[Start of section]

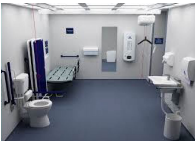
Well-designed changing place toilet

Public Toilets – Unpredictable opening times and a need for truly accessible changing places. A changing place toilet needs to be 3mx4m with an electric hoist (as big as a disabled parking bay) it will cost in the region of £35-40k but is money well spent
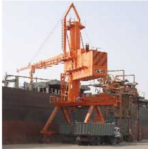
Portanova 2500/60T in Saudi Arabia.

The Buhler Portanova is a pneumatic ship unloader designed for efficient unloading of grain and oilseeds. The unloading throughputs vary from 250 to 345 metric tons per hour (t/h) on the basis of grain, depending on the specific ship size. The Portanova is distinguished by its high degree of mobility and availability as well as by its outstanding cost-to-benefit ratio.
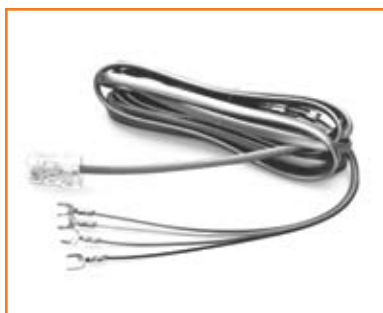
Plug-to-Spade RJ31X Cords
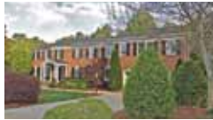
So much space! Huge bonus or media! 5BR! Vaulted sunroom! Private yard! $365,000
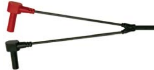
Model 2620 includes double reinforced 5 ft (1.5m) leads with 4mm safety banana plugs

[End of section]
[Start of section]

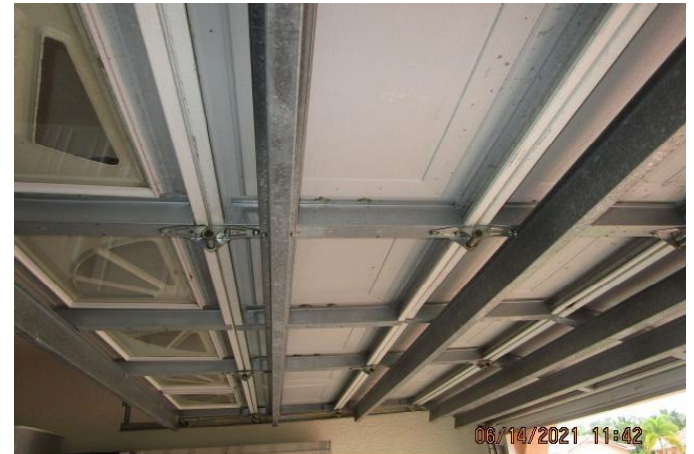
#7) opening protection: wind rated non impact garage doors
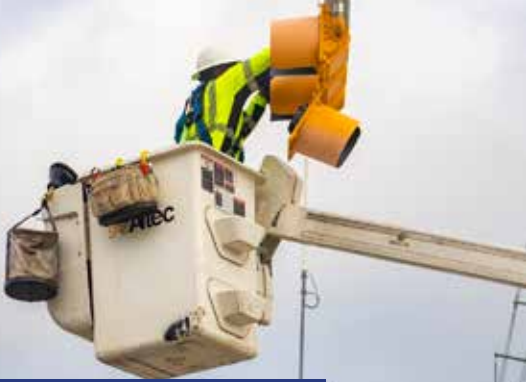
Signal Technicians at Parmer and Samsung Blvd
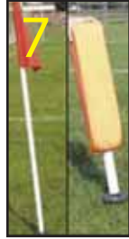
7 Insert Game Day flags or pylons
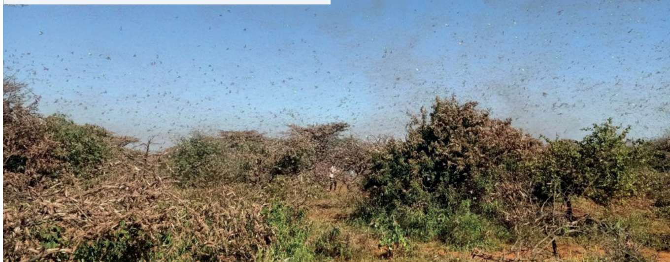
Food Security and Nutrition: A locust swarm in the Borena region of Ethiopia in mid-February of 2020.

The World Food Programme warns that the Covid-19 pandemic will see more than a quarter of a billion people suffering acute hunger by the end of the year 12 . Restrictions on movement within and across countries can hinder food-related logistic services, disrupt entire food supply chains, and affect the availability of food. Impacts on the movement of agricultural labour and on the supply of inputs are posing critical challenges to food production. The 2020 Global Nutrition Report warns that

[End of section]

→ **WHAT IS EXPECTED**
Copy out exactly the lines above beginning with the line that contains "Well-designed changing place toilet" and finishing with the line that contains "Portanova 2500/60T in Saudi Arabia.", including both; leave the pictures out.

→ **RESULT FOR THIS EXERCISE**
Well-designed changing place toilet

Public Toilets – Unpredictable opening times and a need for truly accessible changing places. A changing place toilet needs to be 3mx4m with an electric hoist (as big as a disabled parking bay) it will cost in the region of £35-40k but is money well spent
Portanova 2500/60T in Saudi Arabia.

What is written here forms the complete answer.